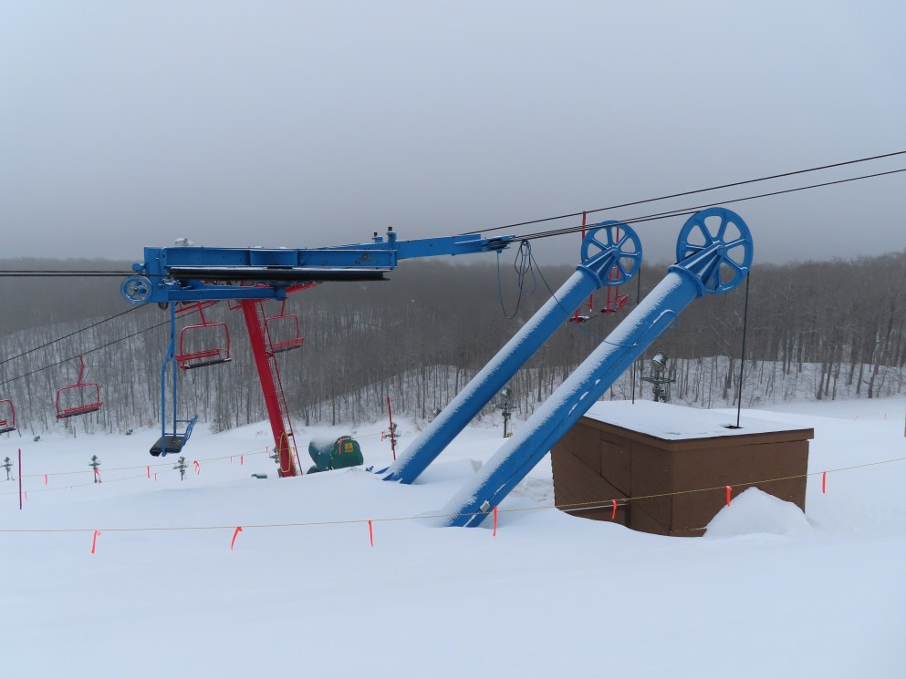 This is the oldest lift remaining at Nub’s Nob as of 2020.The top terminal has a classic Poma floating bullwheel.Tensioning system.The Poma chairs have been modified by Riblet.Lower lift line.Towers 1 through 3.Drive unit.Lift overview.
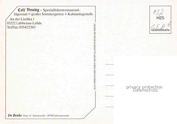 74027662 Lehde Luebbenau Spreewald Café Venedig Sommergarten postalisch nicht gelaufen Erhaltung siehe scans [FriedD77] KatCode: 11110012066196
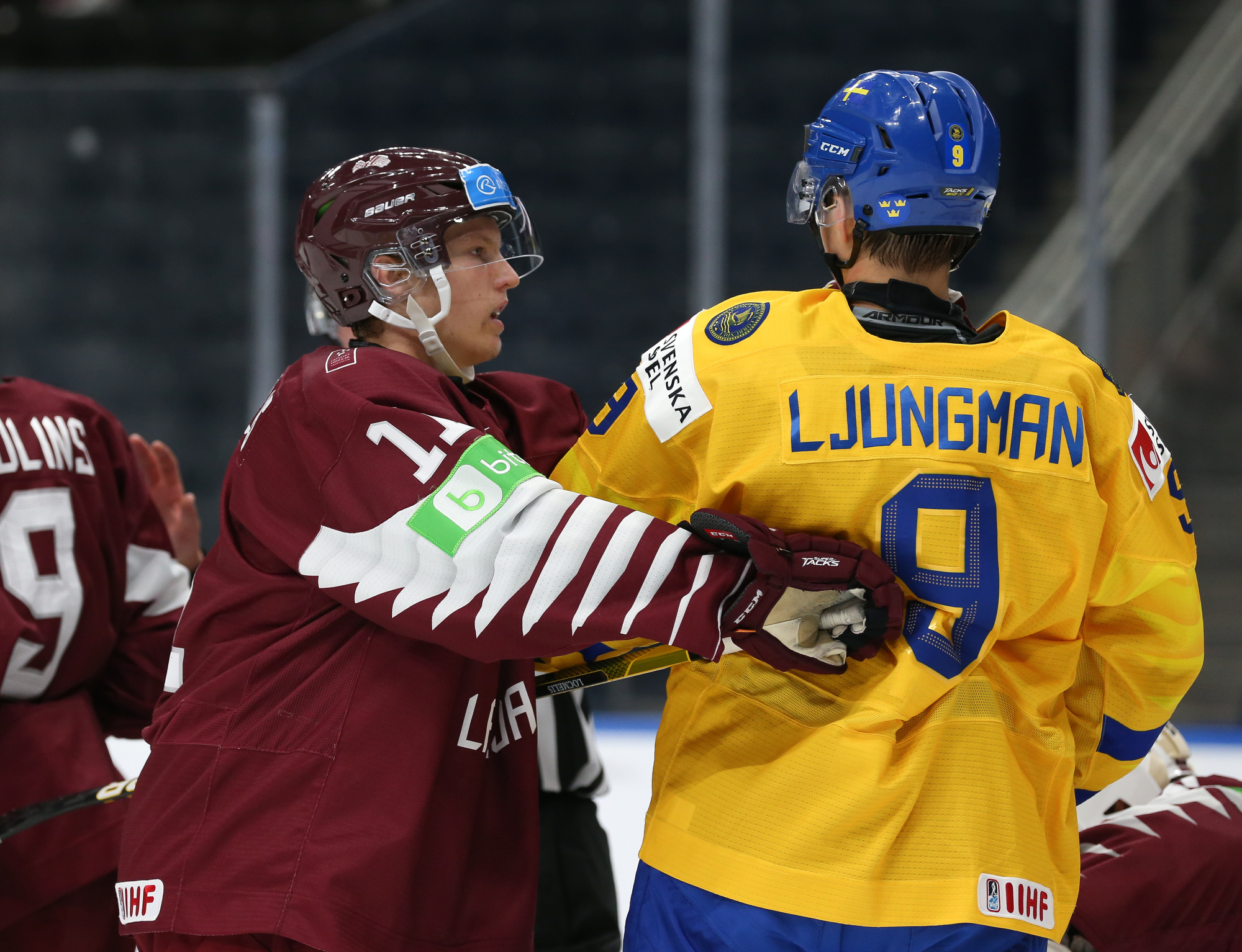 That all changed, however, when Gustavs Ozolins took a cross-checking penalty. Latvia’s Felikss Gavars had a great chance short-handed, racing down the ice on a breakaway, but Liam Ohgren caught up to him and stripped him of the puck before Ozolins could get a shot.

________________________

**EXERCISE DIRECTIONS:** The response should hold only an exact retyping of the lines from the beginning of the data through the line containing "74027662 Lehde Luebbenau", both ends kept, pictures omitted.

**SOLUTION TO THE EXERCISE:**
 This is the oldest lift remaining at Nub’s Nob as of 2020.The top terminal has a classic Poma floating bullwheel.Tensioning system.The Poma chairs have been modified by Riblet.Lower lift line.Towers 1 through 3.Drive unit.Lift overview.
 74027662 Lehde Luebbenau Spreewald Café Venedig Sommergarten postalisch nicht gelaufen Erhaltung siehe scans [FriedD77] KatCode: 11110012066196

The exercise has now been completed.